PM, Banda Aceh – Karya sineas Aceh “Three Faces in the Land of Sharia” berhasil menyabet piala Citra pada malam puncak anugerah Festival Film Indonesia 2021. Keberhasilan tersebut merupakan prestasi membanggakan bagi sutradara Davi Abdullah terlebih dalam proses pembuatan film itu tidak mudah.
“Tidak mudah untuk membuat film yang bagus. Butuh perjuangan yang besar, banyak energi dan waktu serta konsisten tim yang harus kuat,” kata Davi Abdullah kepada pikiranmerdeka.co, Rabu, 10 November 2021 malam.
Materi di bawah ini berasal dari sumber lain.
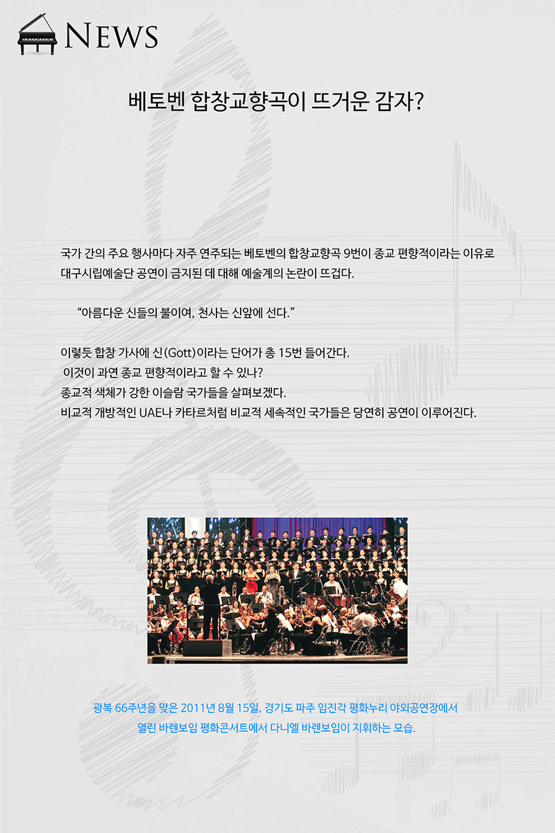 국가 간의 주요 행사마다 자주 연주되는 베토벤의 합창교향곡 9번이 종교 편향적이라는 이유로 대구시립예술단 공연이 금지된 데 대해 예술계의 논란이 뜨겁다.

Dia mengatakan pembuatan film tersebut menghabiskan waktu yang panjang dan penuh tantangan. Terlebih film itu menceritakan tentang kondisi sosial masyarakat yang lebih menekankan pada kritikan minoritas terhadap inplementasi hukum syariat di Aceh. Film ini juga menyorot tentang pendapat minoritas terkait hukum cambuk dan hukum rajam bagi pelanggar Qanun Jinayah Aceh.
Konten film tersebut jelas menabrak arus dalam kehidupan sehari-hari masyarakat di Aceh. Namun berkat kerjasama tim yang solid akhirnya film dokumenter tersebut tuntas dikerjakan dan bahkan mendapat piala bergengsi.
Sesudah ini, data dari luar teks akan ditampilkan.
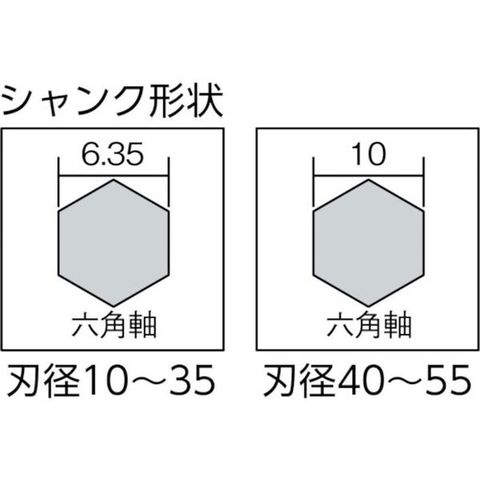 ・刃径(mm):35・溝長(mm):13・全長(mm):92・シャンク径(mm):6.35・適合機種:インパクトドライバー・電気ドリル・ボール盤(26386~26394、26399)、電気ドリル・ボール盤(26395~26398)
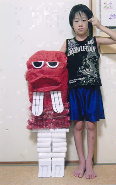 大きな作品(さくひん)を、がんばってつくりました。お腹(なか)に卵(たまご)のパック、足にトイレットペーパーの芯(しん)をつかうことで、おもしろい質感(しつかん)が出ています。私(わたし)も、ピグモン大好(だいす)きでしたよ!
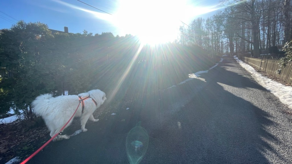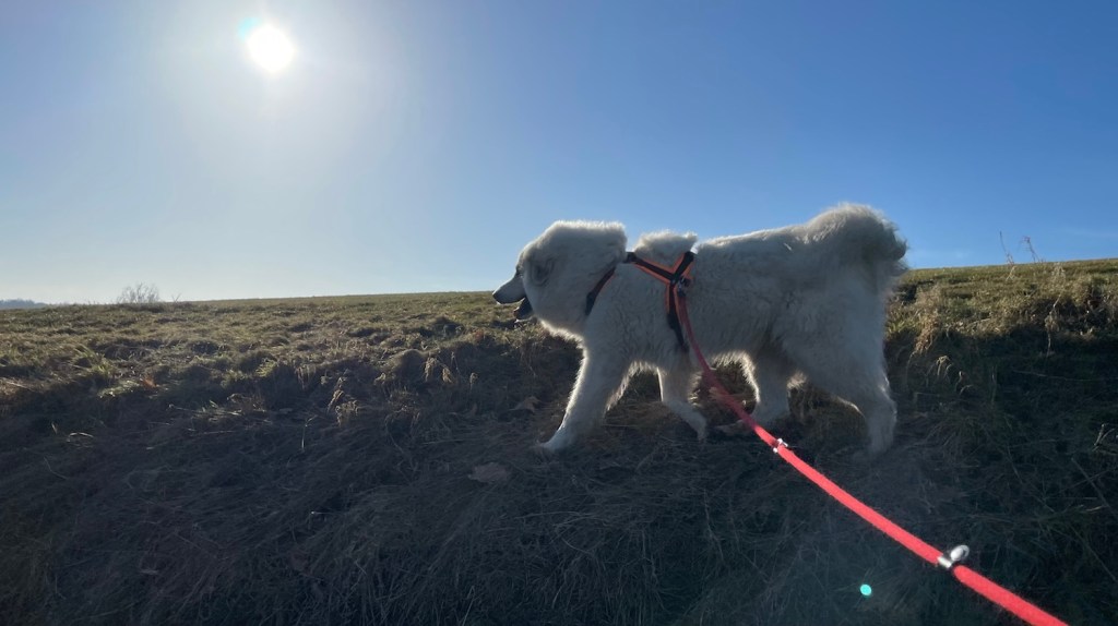 Meine liebe Sonne war auch schon da. Und die ist heute wieder den ganzen Tag bei ihrer Freundin, der Bella, geblieben. Und dann habe ich mit meinem großen Mensch einen Spaziergang gemacht. Sonntagsspaziergang! Der ist wichtig. Sonntags macht man einen Sonntagsspaziergang.

Sementara itu Director of Photography Three Faces, Fadil Batubara mengatakan produksi film tersebut dilakukan secara independen. Waktu yang dibutuhkan untuk melahirkan film tersebut bahkan sampai tiga tahun. “Lumayan lama buat film tersebut, dan membutuhkan biaya yang besar juga,” kata Fadil.
Presiden RI Joko Widodo yang hadir di malam Anugerah FFI 2021 tersebut mengaku bangga atas sejumlah prestasi yang diraih industri perfilman Indonesia. Menurutnya film produksi Indonesia mampu unggul dari negara-negara lain di Asia Tenggara.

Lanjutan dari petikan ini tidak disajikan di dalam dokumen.